__EXERCISE OBJECTIVE__.
After locating the line with "-Penembak dari berbagai" in the data that follows, return it and every later line exactly, up to and including the line with "为丰富安全教育的形式,电信学".

__PROVIDED RECORDS__.
============================================================

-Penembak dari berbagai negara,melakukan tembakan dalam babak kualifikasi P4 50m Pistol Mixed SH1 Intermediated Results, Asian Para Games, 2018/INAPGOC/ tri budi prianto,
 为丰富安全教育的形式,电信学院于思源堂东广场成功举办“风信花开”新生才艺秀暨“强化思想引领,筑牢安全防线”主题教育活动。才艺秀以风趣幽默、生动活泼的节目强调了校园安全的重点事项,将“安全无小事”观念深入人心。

============================================================

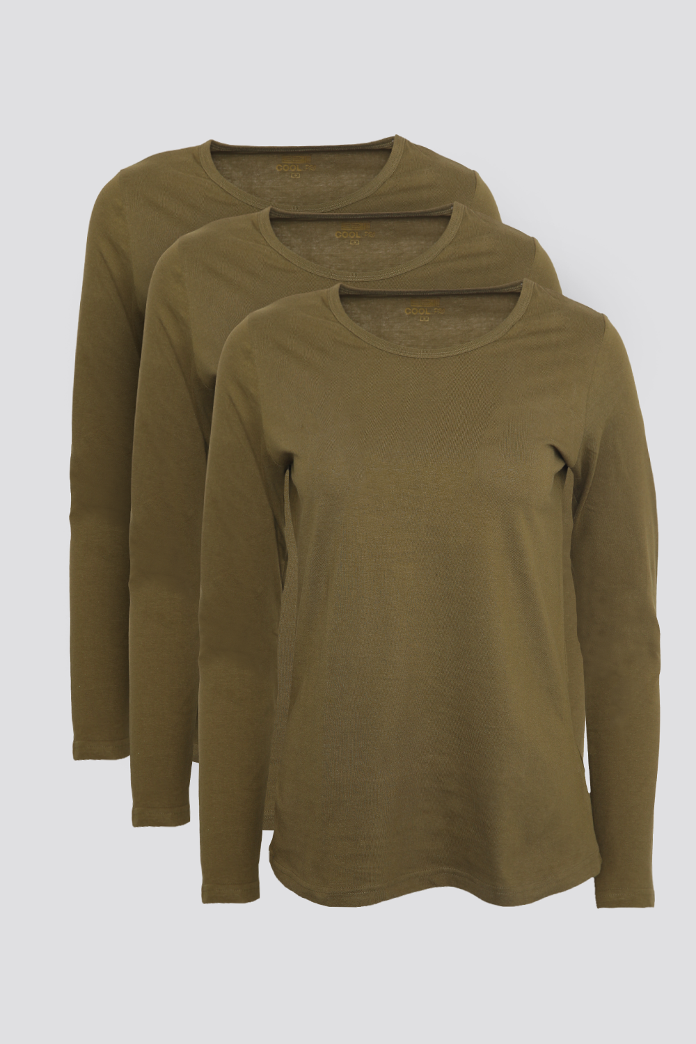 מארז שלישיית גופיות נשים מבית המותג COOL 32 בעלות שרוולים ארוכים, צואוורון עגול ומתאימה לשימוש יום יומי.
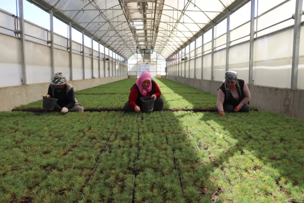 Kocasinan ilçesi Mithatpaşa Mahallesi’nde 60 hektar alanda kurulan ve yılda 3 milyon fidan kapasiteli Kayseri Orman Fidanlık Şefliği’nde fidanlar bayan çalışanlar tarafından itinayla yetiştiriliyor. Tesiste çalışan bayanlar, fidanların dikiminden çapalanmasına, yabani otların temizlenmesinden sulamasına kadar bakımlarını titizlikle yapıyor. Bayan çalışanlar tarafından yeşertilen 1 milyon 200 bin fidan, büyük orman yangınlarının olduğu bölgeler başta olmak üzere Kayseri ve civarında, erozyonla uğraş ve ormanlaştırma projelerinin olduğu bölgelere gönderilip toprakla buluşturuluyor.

============================================================

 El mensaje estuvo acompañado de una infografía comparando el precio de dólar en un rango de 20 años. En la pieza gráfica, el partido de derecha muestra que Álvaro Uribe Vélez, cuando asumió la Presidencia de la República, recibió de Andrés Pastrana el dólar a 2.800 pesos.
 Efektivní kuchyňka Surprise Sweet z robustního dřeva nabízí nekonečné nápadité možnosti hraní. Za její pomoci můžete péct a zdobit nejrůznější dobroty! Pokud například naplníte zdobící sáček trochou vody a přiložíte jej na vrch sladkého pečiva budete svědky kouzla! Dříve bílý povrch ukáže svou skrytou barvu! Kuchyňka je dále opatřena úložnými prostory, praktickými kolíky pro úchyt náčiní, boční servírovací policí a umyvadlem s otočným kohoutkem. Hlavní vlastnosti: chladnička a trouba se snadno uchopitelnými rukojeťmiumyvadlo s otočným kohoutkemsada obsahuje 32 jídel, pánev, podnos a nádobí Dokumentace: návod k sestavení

============================================================

__RESULT OF THIS TASK__.
-Penembak dari berbagai negara,melakukan tembakan dalam babak kualifikasi P4 50m Pistol Mixed SH1 Intermediated Results, Asian Para Games, 2018/INAPGOC/ tri budi prianto,
 为丰富安全教育的形式,电信学院于思源堂东广场成功举办“风信花开”新生才艺秀暨“强化思想引领,筑牢安全防线”主题教育活动。才艺秀以风趣幽默、生动活泼的节目强调了校园安全的重点事项,将“安全无小事”观念深入人心。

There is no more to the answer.